When my sister got married last Summer, Mom and Grandma stayed at my house. It was fun in a surreal kind of way. We took Grandma to one of my favorite lunch places and I suggest she have their version of the ruben sandwich. She hated it because it wasn't traditional. I offered to get her something else, or at least ask for something to spruce the sammy up. She decided to just remain passive-aggressive and keep the sandwich, all the while complaining about it. It got kind of funny after awhile, because I got to flip her so much crap about it. I finally told her that if she wasn't going to let us make her happy then she could at least stop making us unhappy.
She was funny when she came over, we laughed a lot. She seemed so frail and had an oxygen tank with her. She couldn't use the stairs to get to our spare bed in the basement, so we had to make do with an airbed in the backroom. Sometime around 5 am I heard her calling, "Help!" She was uncomfortable in the bed and tried to get up on her own, but couldn't, so she crawled to the couch to try to get up on it. She couldn't get up on that either, and so was stuck sitting under a fan blowing cold air all over the place. She told us she was there the whole night, although I tend to think that time might have just seemed slow, sitting there on the floor in just a nightie.
Later on the Hub wondered why she didn't just crawl over to our bedroom door and get us up. It certainly would have ruined the story.
Late yesterday afternoon, Grandma was found in her apartment, unconscious. Taken to the hospital, doctors speculated on a heart attack. According to her wishes (via living will), she was taken off life support and the vigil started. She died shortly after 5:30 this morning, her sons and daughters by her side. She was a horrible woman. She was a great woman. She made all of us possible, tearing off in our different directions in life.

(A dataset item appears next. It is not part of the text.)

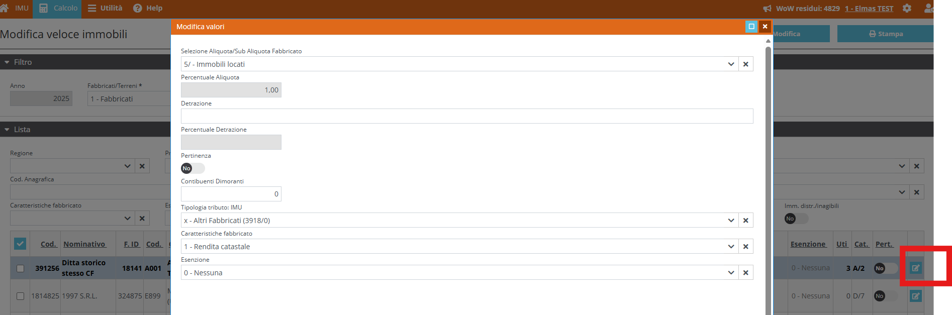 Se si vuole modificare singolarmente un immobile, basta premere il pulsante "Modifica" sulla riga corrispondente:

Now I have no grandparents and it is an extremely strange feeling. I know later on today I will go in to work and have to pretend to many people that something extraordinary didn't just happen. I guess, really, it isn't that extraordinary, people die all the time, this just happens to be personal.
I feel the most for Mom, who will probably never know if she was truly loved by her own mother. However, this tragedy seems to be knitting us all a little tighter. More than likely I will get to make the sojourn to Idaho for the funeral sometime this week, where I will see cousins I haven't seen since 1988. This also means I get to go get a new black dress. Since I have been putting of buying new work clothes, seems like the right time. Now, Grandma, if you worked this out correctly, my staff will be thanking you, as the meeting on Monday will likely be cancelled along with the test they were about to take.
In the ideal world, Grandma is now at the card table, surrounded by men and the perfect ruben. Hopefully it has enough Russian dressing.